▸ Task brief:
Copy the line containing "TOYS INC. YOOKIDOO", then all lines after it up to and including the final line of the material, exactly and without additions.
== Segment start ==
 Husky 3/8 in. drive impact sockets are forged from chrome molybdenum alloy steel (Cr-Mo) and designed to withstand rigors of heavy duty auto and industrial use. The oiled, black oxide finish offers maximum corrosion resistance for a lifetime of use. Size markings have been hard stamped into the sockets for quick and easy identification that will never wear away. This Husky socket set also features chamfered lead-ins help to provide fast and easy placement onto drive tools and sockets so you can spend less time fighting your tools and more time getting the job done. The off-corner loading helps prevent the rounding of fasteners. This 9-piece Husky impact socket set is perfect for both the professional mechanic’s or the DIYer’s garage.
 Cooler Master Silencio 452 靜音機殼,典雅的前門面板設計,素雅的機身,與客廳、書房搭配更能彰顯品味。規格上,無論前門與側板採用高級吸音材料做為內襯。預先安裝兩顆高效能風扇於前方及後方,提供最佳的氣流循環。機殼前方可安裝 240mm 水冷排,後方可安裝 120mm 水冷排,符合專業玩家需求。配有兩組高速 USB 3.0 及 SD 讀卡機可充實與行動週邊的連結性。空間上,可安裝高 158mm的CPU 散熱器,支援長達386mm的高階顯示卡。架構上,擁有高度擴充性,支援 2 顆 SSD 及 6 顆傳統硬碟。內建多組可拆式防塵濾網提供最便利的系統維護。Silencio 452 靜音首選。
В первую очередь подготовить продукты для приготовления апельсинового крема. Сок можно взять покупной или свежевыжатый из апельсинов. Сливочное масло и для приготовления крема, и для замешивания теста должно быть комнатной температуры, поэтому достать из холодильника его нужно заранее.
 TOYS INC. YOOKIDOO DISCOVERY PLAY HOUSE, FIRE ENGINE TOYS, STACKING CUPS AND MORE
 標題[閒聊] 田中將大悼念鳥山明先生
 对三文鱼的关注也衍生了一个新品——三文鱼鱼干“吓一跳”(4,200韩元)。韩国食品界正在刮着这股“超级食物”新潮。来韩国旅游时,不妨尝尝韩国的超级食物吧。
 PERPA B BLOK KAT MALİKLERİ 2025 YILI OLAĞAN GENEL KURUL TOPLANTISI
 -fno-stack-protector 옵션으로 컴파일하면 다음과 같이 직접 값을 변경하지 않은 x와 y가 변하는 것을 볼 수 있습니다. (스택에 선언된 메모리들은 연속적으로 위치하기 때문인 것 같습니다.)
== Segment end ==
▸ Result of the exercise:
 TOYS INC. YOOKIDOO DISCOVERY PLAY HOUSE, FIRE ENGINE TOYS, STACKING CUPS AND MORE
 標題[閒聊] 田中將大悼念鳥山明先生
 对三文鱼的关注也衍生了一个新品——三文鱼鱼干“吓一跳”(4,200韩元)。韩国食品界正在刮着这股“超级食物”新潮。来韩国旅游时,不妨尝尝韩国的超级食物吧。
 PERPA B BLOK KAT MALİKLERİ 2025 YILI OLAĞAN GENEL KURUL TOPLANTISI
 -fno-stack-protector 옵션으로 컴파일하면 다음과 같이 직접 값을 변경하지 않은 x와 y가 변하는 것을 볼 수 있습니다. (스택에 선언된 메모리들은 연속적으로 위치하기 때문인 것 같습니다.)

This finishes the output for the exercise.